Hans-Heinrich Dieter

Bis zum Abgrund - und zurück!    (20.02.2018)

 

Das Motto der Münchner Sicherheitskonferenz (MSC) lautet: Bis zum Abgrund und zurück! Wolfgang Ischinger, der Leiter der Konferenz, warnte denn auch: die Weltordnung, die nach dem Zweiten Weltkrieg geschaffen wurde, ist bedroht; alle Kontrolllampen blinken schon rot!

Die Konferenz in München bringt jährlich viele wichtige Politiker und sicherheitspolitische Fachleute zusammen und vor allem auch jene, deren politische und sicherheitsrelevante Interessen einander derzeit diametral entgegenlaufen. Und sie widmet sich frühzeitig neuen sicherheitsrelevanten Themen, die die Zukunft mitbestimmen, zum Beispiel grassierender internationaler Terrorismus, Hybride Kriegsführung und Cyber-War. Das Ziel ist: Den sicherheitspolitischen Diskurs zu führen, Risiken zu identifizieren und eingehend zu analysieren, Hintergrundgespräche zu führen und Vertrauen zu erhalten oder versuchen zu schaffen. Und es ist auch eine Gelegenheit, Klarheit über die politische Lage zu gewinnen und Illusionen abzuräumen.

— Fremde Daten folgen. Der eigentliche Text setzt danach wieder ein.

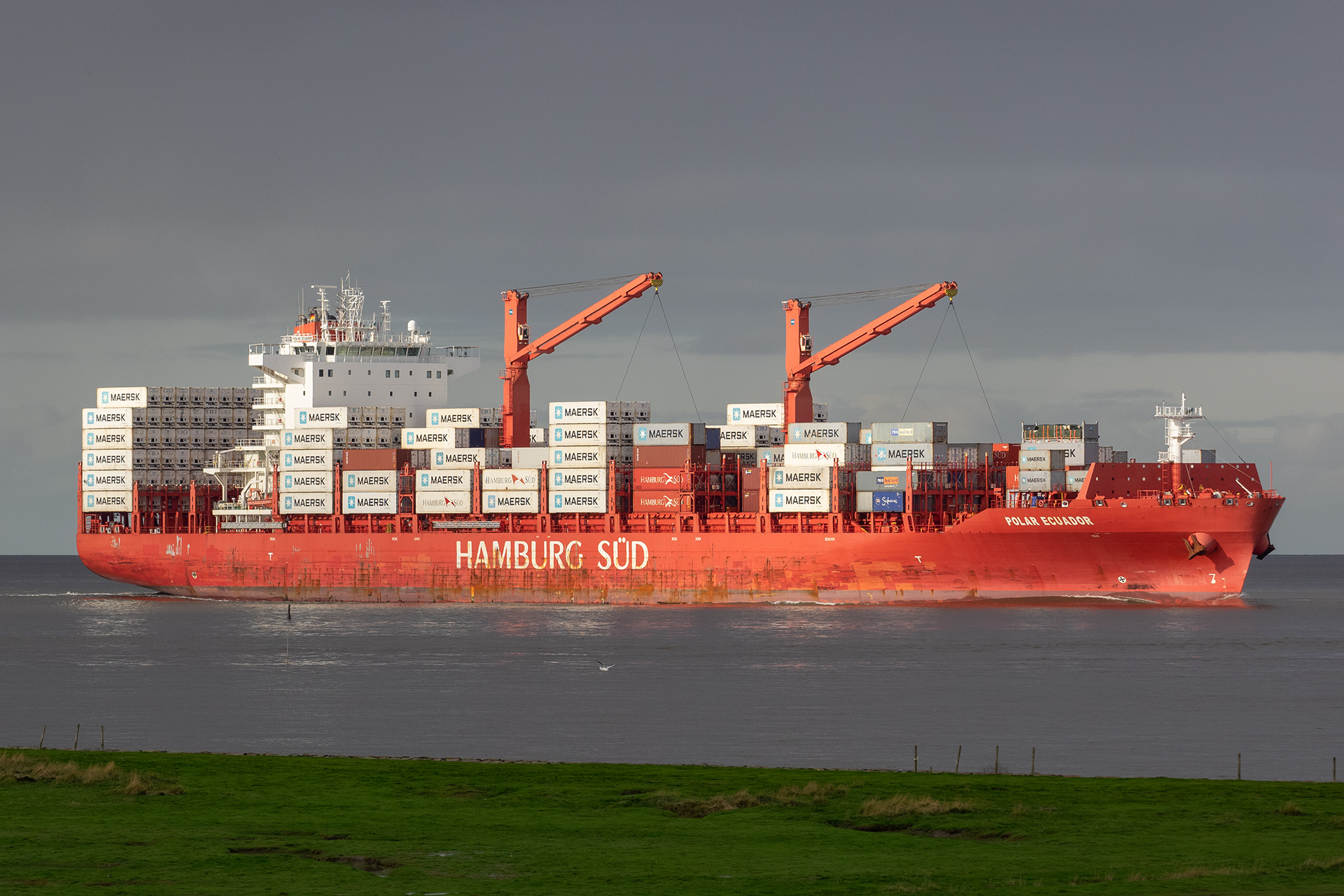 Containerschiff elbaufwärts vor Cuxhaven-Altenbruch am 23.10.2020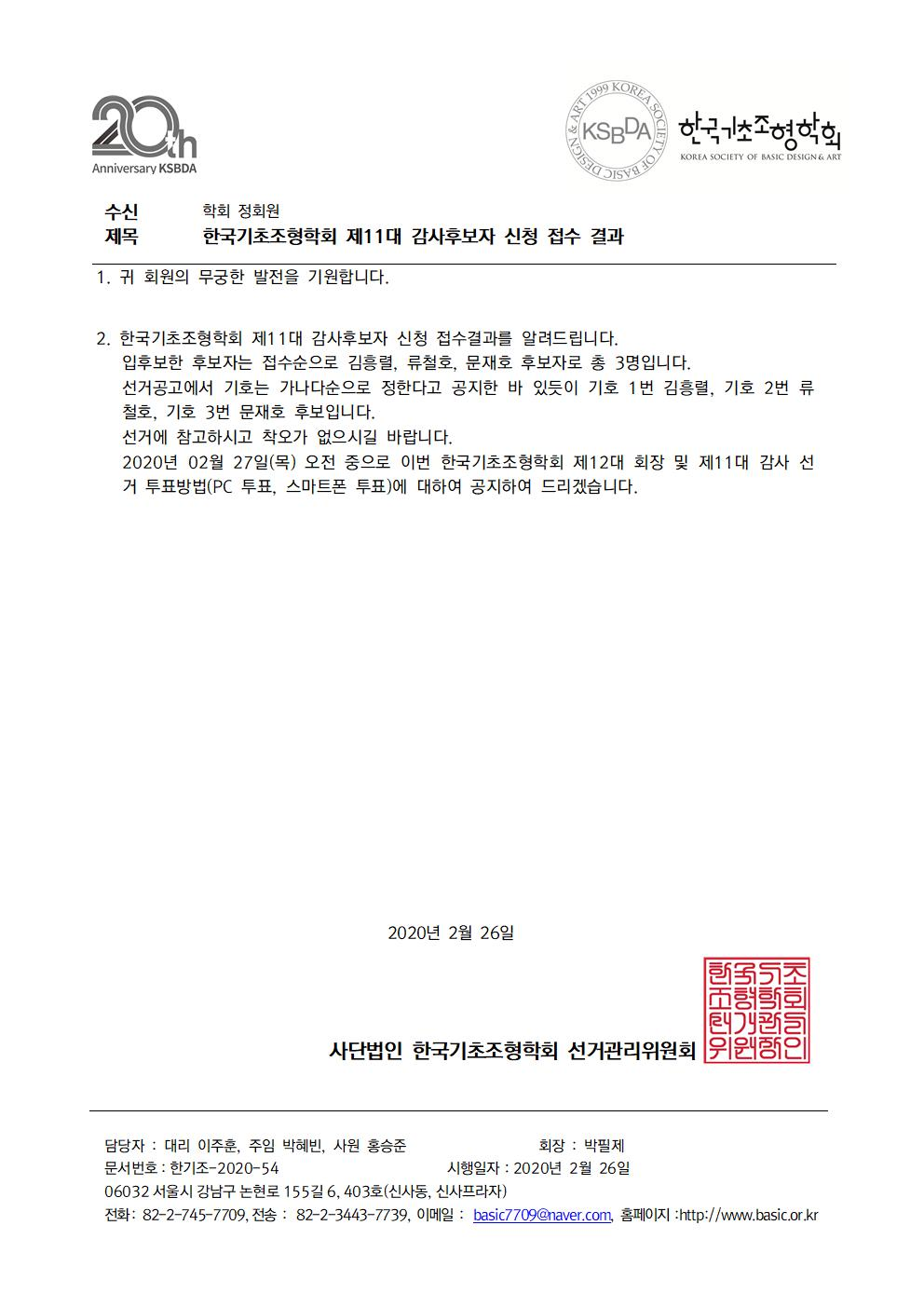 한국기초조형학회 제11대 감사후보자 신청 접수 결과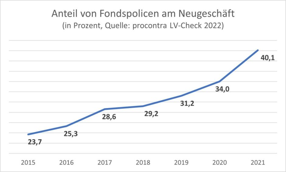 Lebensversicherungsgesellschaften mit traditionell hohem Bestand an fondsgebundenen Lebensversicherungen sind die AachenMünchner, Zürich, Allianz, HDI, AXA, Nürnberger und WWK. Weil immer mehr Anbieter klassischer Lebensversicherungsprodukte Schwierigkeiten hatten bei sinkendem Zinsniveau die hohen Garantiezinsen ältere Policen am Kapitalmarkt zu bekommen, trennten sich etliche Lebensversicherer von ihren Altbeständen mit relativ hohen Zinsgarantien. Sogenannte Run-off-Plattformen wie Athora, die Frankfurter Leben-Gruppe oder die Viridum Gruppe, die sich auf die kostengünstige Verwaltung der Altbestände spezialisiert hatten, übernahmen eine große Anzahl von Policen von der Generali Leben, der Delta Lloyd Deutschland, der ARAG Lebensversicherung und der Basler Leben. Auch viele Lebensversicherer, die ihren Altbestand weiter selbst managen, stellten das Neugeschäft klassischer Lebensversicherungsprodukte mit Zinsgarantien ein. Stattdessen forcierten sie das Angebot und die Vermittlung fondsgebundener Altersvorsorgeprodukte – meist ohne Garantien während der Ansparphase. Der Anteil fondsgebundener Versicherungen wuchs laut einer Auswertung des Fachmagazins „procontra“ am gesamten Neugeschäft 2021 auf 40,1 Prozent. 2015 lag der Anteil fondsgebundener Versicherungen noch bei 23,7 Prozent (siehe Grafik Anteil der Fondspolicen am Neugeschäft).

Wer den Schlagabtausch zwischen dem russischen Außenminister Lawrow sowie dem amerikanischen Sicherheitsberater McMaster aufmerksam verfolgt hat und sich die jeweiligen, auch nuklearen Rüstungsaktivitäten vor Augen führt, wird feststellen müssen, dass wir uns in einer neuen Phase des „Kalten Krieges“ zwischen den USA - zusammen mit der NATO – und Russland befinden – am Abgrund stehen die nuklearen Führungsmächte aber nicht. Die NATO hat die transatlantische Partnerschaft beschworen und die europäischen NATO-Staaten aufgefordert, mehr in die gemeinsame Verteidigungsfähigkeit zu investieren und das gemeinsam vereinbarte Investitionsziel 2 Prozent vom jeweiligen BIP bis 2024 anzunähern. Einer aggressiven russischen Politik müssen die USA und die Europäische Union, zusammen mit der NATO, gemeinsam und konsequent begegnen, bis Russland – nach McMaster derzeit eine „revisionistische Macht“ - zu erkennen gibt, dass es an einer Partnerschaft erneut interessiert ist. Die NATO hat derzeit Lücken in der Fähigkeit zur Bündnisverteidigung, ist aber mehrheitlich bereit, diese Lücken zu schließen. Ein Abgrund tut sich derzeit nicht auf.

Die MSC lieferte auch mehrfache Bekenntnisse zu einer gemeinsamen europäischen Verteidigungspolitik, wie sie 2017 mit PESCO verbal und in ersten Ansätzen planerisch ins Leben gerufen wurde. Darüber hinaus hat man erkannt, dass Europa in der derzeitigen welt- und sicherheitspolitischen Lage an Bedeutung und Gewicht verliert, wenn man nicht endlich zu einer gemeinsamen Außen- und Sicherheitspolitik, GASP, findet, von der seit 1999 geredet wird, ohne dass eine gemeinsame Zielsetzung und ein politisches Konzept für deren Umsetzung entwickelt worden wäre.  Eine eigene Verteidigungsfähigkeit wird die EU aber in den nächsten zwei Jahrzehnten nicht erreichen, denn die einzige Nuklearmacht in der EU ist zukünftig Frankreich mit marginalen Fähigkeiten im Vergleich zu Russland und den USA. Die gemeinsame Verteidigungspolitik ist bisher nur eine lose Idee, die kostenintensiv mit viel Leben gefüllt werden muss. Und an eine spätere gemeinsame EU-Außenpolitik mag man glauben – muss man aber als Realist nicht wirklich, denn die derzeitig zerstrittene und mehrfach gespaltene EU hat kaum Aussicht auf diesbezüglichen Erfolg. Die EU bleibt krisengeschüttelt, am Abgrund steht sie aber noch lange nicht.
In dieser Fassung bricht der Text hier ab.